CCR Supervisory Guidance: Limits Limits are an integral part of a CCR management framework and these limits should be formalized in CCR policies and procedures. For limits to be effective, a bank should incorporate them into an exposure-monitoring system independent of business lines. The system should perform ongoing monitoring of exposures and have risk controls that require action to mitigate exceptions. A review of exceptions should include escalation to a managerial level commensurate with the size or nature of mitigation.

Supervisors expect that a sound limit system should include several mandates:

  • Regularly review limits by a designated committee and process to escalate approvals to higher levels depending on the size of counterparty exposures, credit quality, and tenor.
  • Establish limits based on potential future exposure, other metrics, and market risk arising through CVA (which does not eliminate the need to limit CCR).
  • Establish individual CCR limits based on peak exposures rather than expected exposures.
  • Include peak exposures as appropriate for individual limit monitoring purposes, as they represent the risk tolerance for exposure to a single counterparty.
  • Include expected exposure as an appropriate measure for aggregating exposures across counterparties in a portfolio credit model or for use within CVA.
  • Take into consideration risk factors like counterparty credit quality, tenor of the transactions, and liquidity of the positions or hedges.
  • Sufficiently automate monitoring processes to provide updated exposure measures at least daily.
  • Monitor intraday trading activity for conformance with exposure limits and exception policies.
  • Include monitoring of trade procedures and impact on limit utilization prior to execution, limit-warning triggers at specific utilization levels, and restrictions by credit risk management on allocation of limits.

CCR Supervisory Guidance: Collateral Banks are expected to control the rehypothecation or other reinvestment of collateral received from counterparties, including the potential liquidity shortfalls resulting from the reuse of such collateral.

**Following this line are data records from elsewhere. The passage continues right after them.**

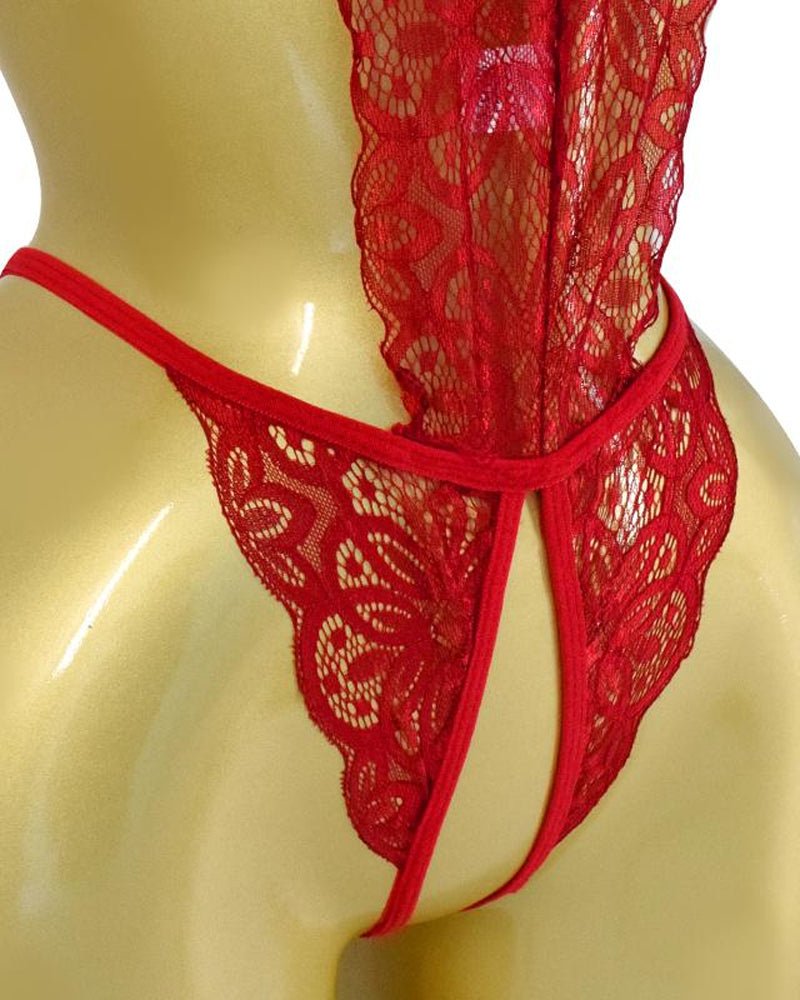 Women’s Sexy Hollow Translucent Floral Lace Backless One-Piece Pajamas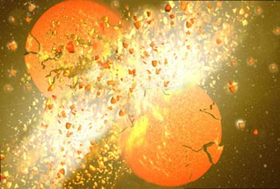 Asteroid collisions may explain star's appearance UNIVERSITY OF FLORIDA NEWS RELEASE Posted: January 24, 2005 The recent collision of two huge asteroids or tiny planets may be the cause of the mysterious lopsided appearance of the most famous of the universe's planet-forming stars, a team of astronomers says.
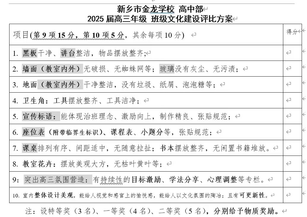 为保证本次评比活动的公开公平公正,高三年级拟定了详尽的评比方案,并邀请学部主任、各位级班主任担任评委。各评委成员对教室的文化墙、张贴栏、卫生角、整体布局及创意特色等方面进行了综合性的检查评比。各班班级文化建设充分发挥了班级建设在凝聚、引导、激励学生方面的积极功能,增强了学生的责任心和集体荣誉感,赢得到了老师们的一致好评。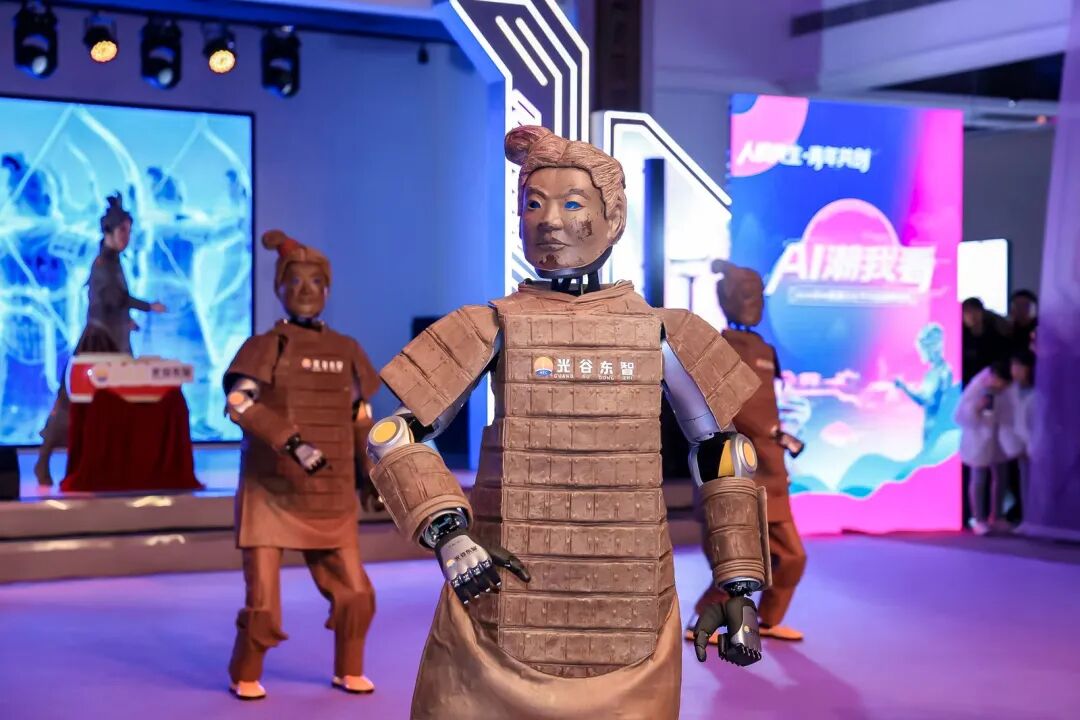 “人机共生”成为最亮眼的风景。在魏公·芳华里的AI国潮文化节,中央民族歌舞团的舞者与宇树机器人共舞《骏马归来》,动作精准同步,引得观众连连惊叹。荣获世界人形机器人运动会金牌的节目《秦俑魂》在此进行街区首秀,机器人舞者与真人演员默契配合,演绎出千年兵马俑的磅礴气魄。在五棵松万达广场的新年音乐会上,清华大学、北京舞蹈学院的艺术家与银河通用、联想等人工智能机器人同台,上演人机共创的未来艺术场景。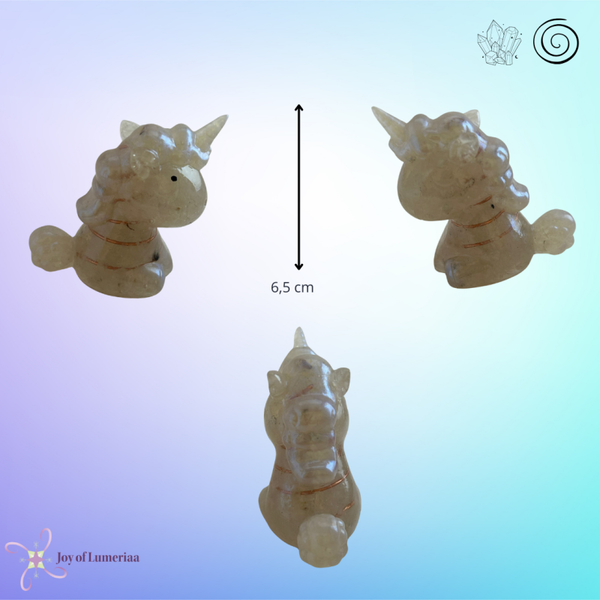 Elke eenhoorn bevat 95 gram kristallen en 24 cm koperspiraal.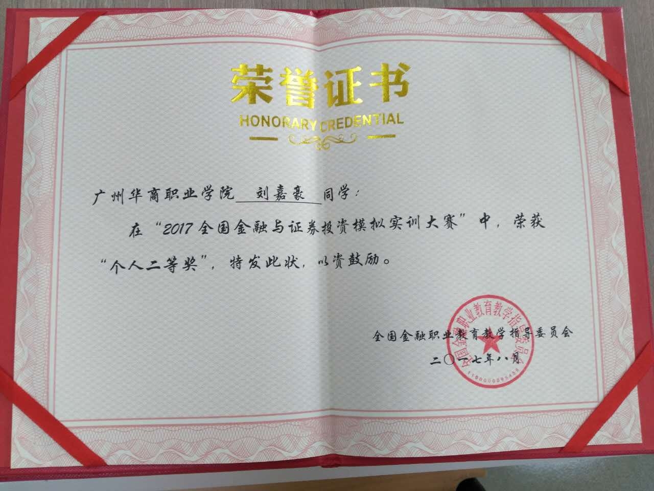 由全国金融职业教育教学委员会主办、深圳国泰安教育技术有限责任公司承办的“2017全国金融与证券投资模拟实训大赛”初赛赛程已经结束,此次竞赛共有来自全国220所院校,846支队伍参与,参赛人员达到了8460人。经过近2个月的激烈角逐,由侯娟老师指导的刘嘉豪、李晓雯两名同学,以全国排名第199位、第740位的成绩分别荣获得个人二等奖和个人三等奖,侯娟老师荣获优秀指导老师称号,为学院争得了荣誉。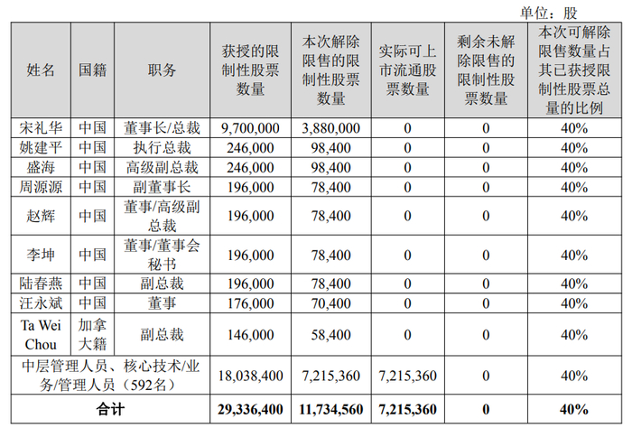 本次解除限售的第一类限制性股票数量为1173万股,占公司目前股本总额16.73亿股的0.7016%。实际可上市流通股票数量为722万股,占公司目前股本总额的0.43%。本次申请解除限售的激励对象共601名,解除限售的限制性股票上市流通日为2025年12月5日。具体情况如下: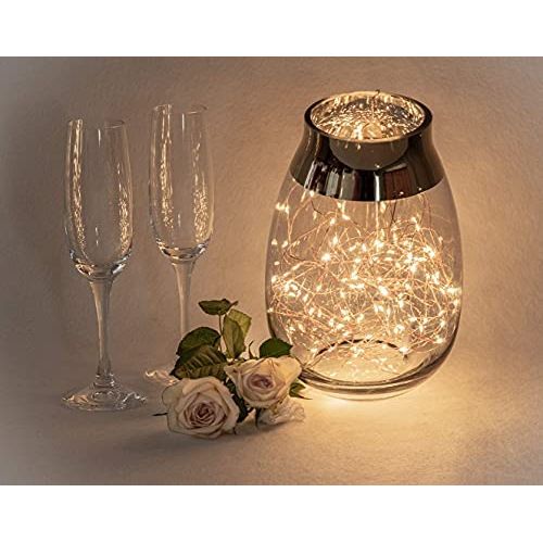 Glass Lights, Flower Vase With Gold Top Rim, lights, For table, living room, kitchen Decor. This classic yet modern, contemporary style of vase will sublimely decorate any space in your home. Made of highly translucent, beautifully stylish grey glass it is designed to compliment any style of decor. Add arrangements and bouquets of real flowers such as roses, lillies or tulips, or of artificial flowers, plants or twigs to create stunning centrepieces for your kitchen, living room, dining room or bedroom space. The vase is beautifully designed, each piece individually crafted. It has a highly polished gold top beneath a cold cut rim which has received special after-processing treatment making it beautiful to look at as well as smooth and safe to handle. The base of the vase is exceptionally well produced, with superb quality glass creating a substantial, well balanced shape to accentuate both small and large decorative arrangements. This vase is a stunning addition for a variety of uses around your home and living space – in addition to flowers and arrangements, LED lights (not included) placed inside, turn this vase into a beautifully lit centrepiece display for your wedding or event or simply to light up the dark nights at home! This vase’s classic yet modern look would make a fabulous gift for an anniversary, wedding, a new home or maybe indulge and treat yourself, lift your mood and bring pleasure to those dark nights!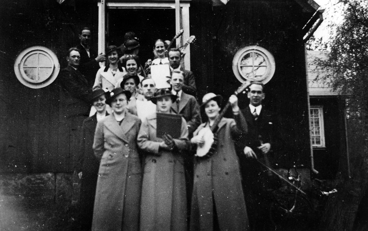 Gruppbild med ett gäng kvinnor och män som står på trappan till ett kapell. Vissa håller i musikinstrument och andra i not/textblad. På fotografiet står antecknat: Kristi H.f.d (Kristi himmelsfärdsdagen) Betania, Högklint 1937.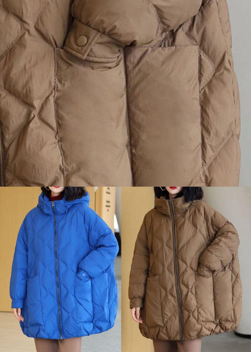 Choklad Tjock Duck Down Puffer Jacka Huvfickor Vinter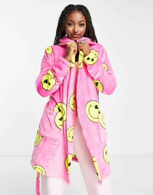 ASOS DESIGN - Superblød mini-badekåbe med smiley-print i lyserødt fleece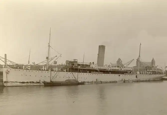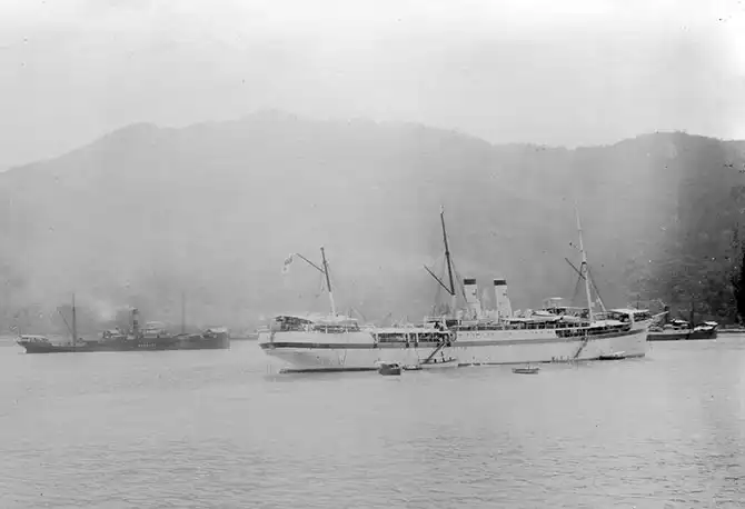 Госпитальное судно 2-й ТЭ «Орел» на стоянке в Носси-Бэ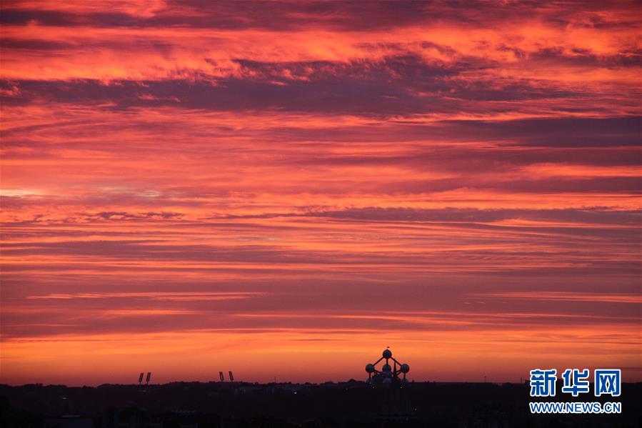 2020年5月22日黃昏時(shí)分,比利時(shí)首都布魯塞爾漫天的火燒云映襯著原子球塔。6月5日是第47個(gè)聯(lián)合國(guó)世界環(huán)境日,今年的主題為“關(guān)愛(ài)自然刻不容緩”。新華社記者鄭煥松攝。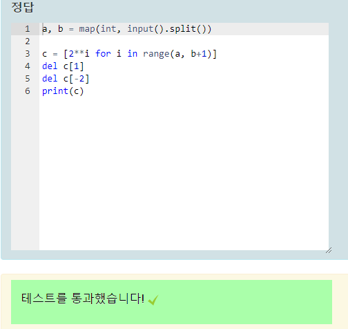 표준 입력으로 정수 두 개가 입력됩니다(첫 번째 입력 값의 범위는 1~20, 두 번째 입력 값의 범위는 10~30이며 첫 번째 입력 값은 두 번째 입력 값보다 항상 작습니다). 첫 번째 정수부터 두 번째 정수까지를 지수로 하는 2의 거듭제곱 리스트를 출력하는 프로그램을 만드세요(input에서 안내 문자열은 출력하지 않아야 합니다). 단, 리스트의 두 번째 요소와 뒤에서 두 번째 요소는 삭제한 뒤 출력하세요. 출력 결과는 리스트 형태라야 합니다.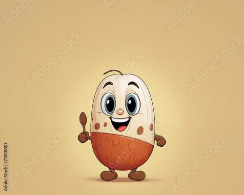 cartoon, hot drink, bean, cute, friendly, advertisement, illustration, funny, character, lima, delicious, spoon, children, happy, cooking, organic, fresh, round, food, smile, art, monster, face, head, fun, isolated, children, drawing, yellow, toy, brown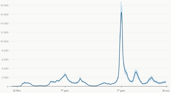 TOP 5 Provinces with the most new cases: (latest data available) Distrito Nacional: +21 new cases in 24 hours (-) Santo Domingo: +17 new cases in 24 hours (-) Santiago: +6 new cases in 24 hours (+) Espaillat: +2 new cases in 24 hours () Puerto Plata: 1 new cases () Vaccination: 16.07 million doses of vaccine injected since February 16, 2021, date of the first injection in the Dominican Republic (+10,000 doses). (Latest data available). QUEBEC: Confirmed cases since the first case (February 27, 2020): 1,217,963 cases (+1,104 in 24 hours), previous (+1,021 in 24 hours) Deaths: 16,915 deaths (+10 in 24 hours) previous (+16 in 24 hours) Death rate: 1.38% (=) Healing: The Center for Expertise and Reference in Public Health no longer makes this information available. Quebec: Number of daily confirmed cases: (7-day trend)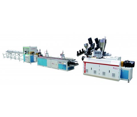 生產(chǎn)線由錐形雙螺桿擠出機(jī)、真空定型臺(tái)、切割機(jī)、翻料架組成。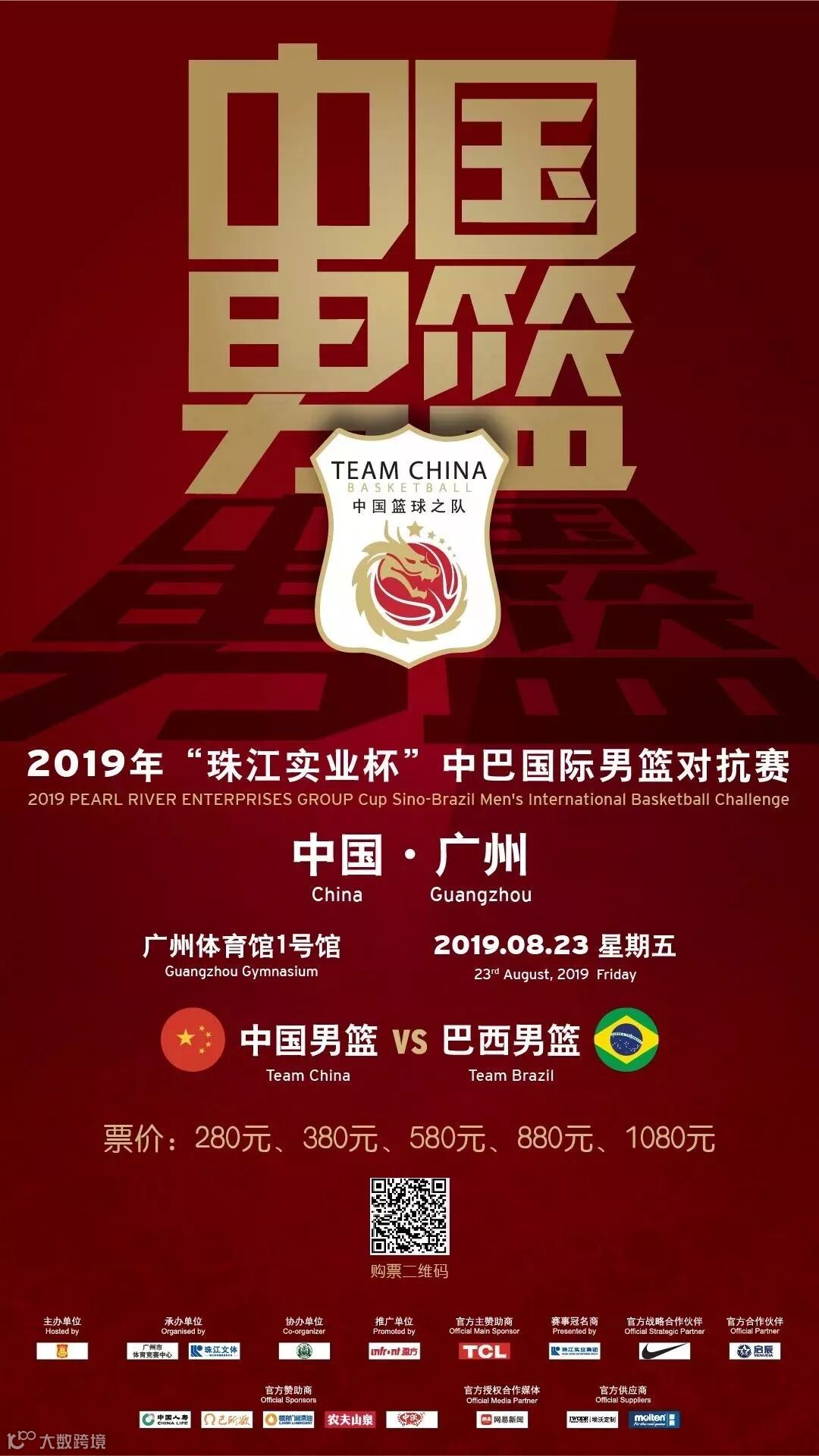 您与中国男篮一线球员此刻仅隔一个二维码的距离,长按下图识别二维码购买2019“珠江实业杯”中巴国际男篮对抗赛门票,近距离为中国男篮加油!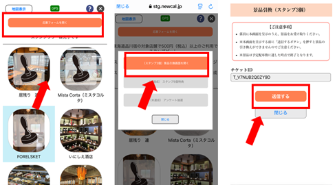 スタンプを必要数量獲得後に「応募フォームを開く」をクリックすると景品引換,景品応募フォームに進みます。景品引換はスタッフに画面を呈示し引換ください。アンケート必要事項を入力のうえお申込みください。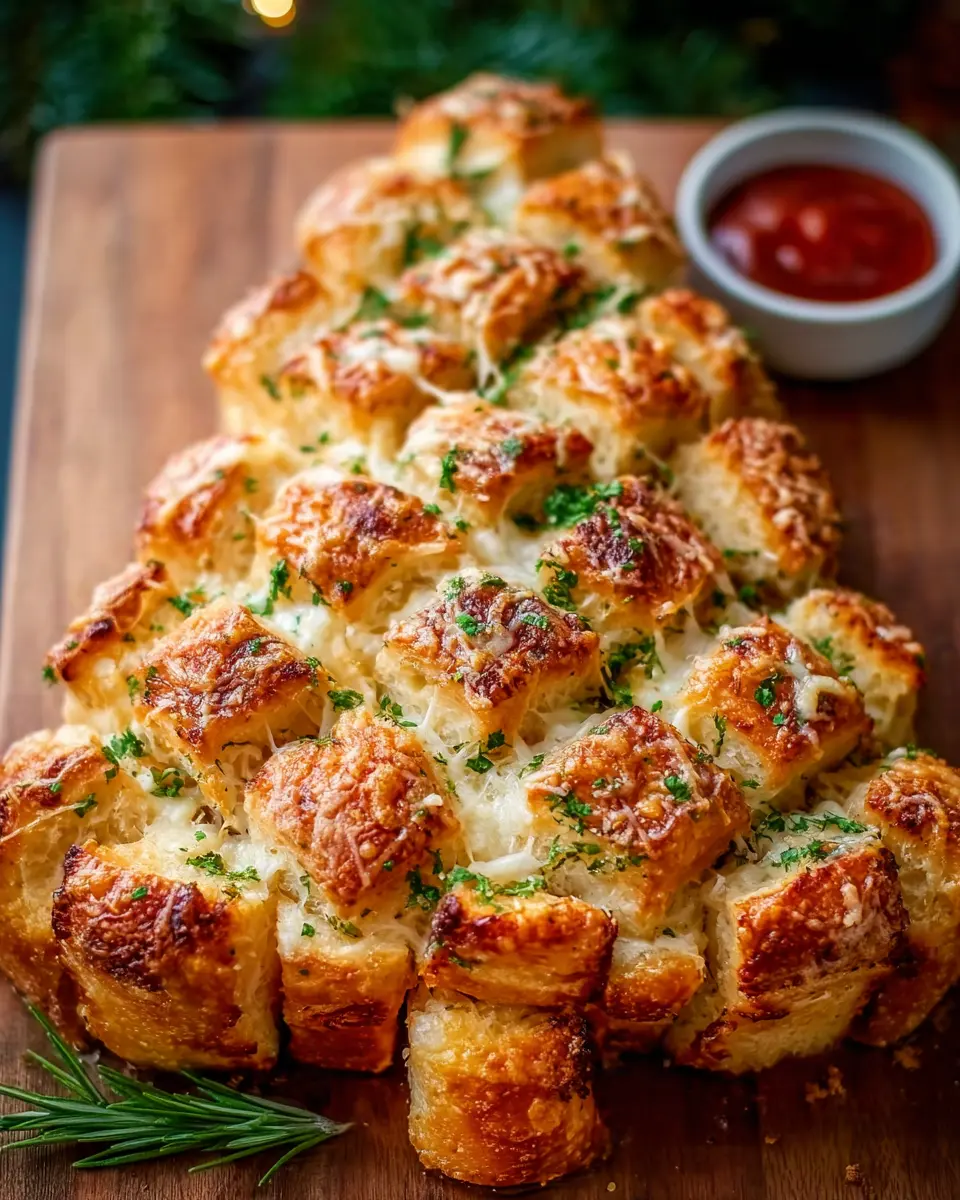 Once your Christmas Tree Pull-Apart Bread is out of the oven, brush it with melted butter and sprinkle it with fresh parsley and grated parmesan cheese for added flavor. Serve immediately alongside a warm marinara sauce for dipping. It’s sure to be a hit at your holiday gatherings and a delightful way to keep the spirit of togetherness alive!

In regard to the CCR associated with segregated margins, banks should perform a legal analysis concerning the risks of agreeing to allow cash to be commingled with a counterparty's own cash and rehypothecation. Policies and processes to monitor margin agreements with third-party custodians, as with bilateral counterparties, should identify the location of the account to which collateral is posted or from which it is received. Such policies should also obtain periodic account statements or other assurances that confirm the custodian is holding the collateral in conformance with the agreement. Furthermore, it is important that banks understand the characteristics of the account where the collateral is held (e.g., whether it is in a segregated account), as well as the legal rights of the counterparty or any third-party custodian regarding this collateral.

CCR Supervisory Guidance: Model Validation A bank should validate its CCR models initially and on an ongoing basis, and this process should include the following standard elements (Jacobs 2010b):

  • Evaluation of the conceptual soundness and developmental evidence;
  • Ongoing monitoring including processes verification and bench-marking;
  • An outcomes-analysis process that includes backtesting.

The validation process should identify key assumptions and potential limitations, assessing their possible impact on risk metrics across all components of the model subject to validation individually and in combination. The evaluation of conceptual soundness should assess quality of design and construction of CCR models/systems, including documentation and empirical evidence supporting the theory, data, and methods. Ongoing monitoring confirms that systems perform as intended and includes both process verification as well as the assessment of model data integrity and systems operation.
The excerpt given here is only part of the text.